Beyond the Red Notebook
Essays on Paul Auster
Publication Year: 1995
The novels of Paul Auster—finely wrought, self-reflexive, filled with doublings, coincidences, and mysteries—have captured the imagination of readers and the admiration of many critics of contemporary literature. In Beyond the Red Notebook, the first book devoted to the works of Auster, Dennis Barone has assembled an international group of scholars who present twelve essays that provide a rich and insightful examination of Auster's writings.
The authors explore connections between Auster's poetry and fiction, the philosophical underpinnings of his writing, its relation to detective fiction, and its unique embodiment of the postmodern sublime.

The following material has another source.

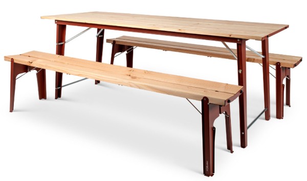 Die Salut Biertischgarnitur, bestehend aus Tisch und zwei Bierbänken, ist die moderne Interpretation des Sitzklassikers aller Volksfeste und Jahrmärkte. Dabei besteht bei den Salut Bierbänken endlich mal keine Sitzgefahr, da die Beine ganz außen angeordnet sind. Auch ist Sitzfläche um 7 Grad nach innen geneigt ist und die Beine sind leicht angewinkelt, wodurch die Salut Bierbank besonders stabil wird. Zu der stabilen Bierbank gehört ein ebenso stabiler Biertisch, dieser verfügt über einen integrierten Flaschenöffner an der Unterseite der Tischplatte. Alle Möbel sind natürlich, wie es sich gehört, klappbar.

Their essays provide the fullest analysis available of Auster's themes of solitude, chance, and paternity found in works such as The Invention of Solitude, City of Glass, Ghosts, The Locked Room, In the Country of Last Things, Moon Palace, The Music of Chance, and Leviathan.
This volume includes contributions from Pascal Bruckner, Marc Chenetier, Norman Finkelstein, Derek Rubin, Madeleine Sorapure, Stephen Bernstein, Tim Woods, Steven Weisenburger, Arthur Saltzman, Eric Wirth, and Motoyuki Shibata. The extensive bibliography, prepared by William Drenttel, will greatly benefit both scholars and general readers.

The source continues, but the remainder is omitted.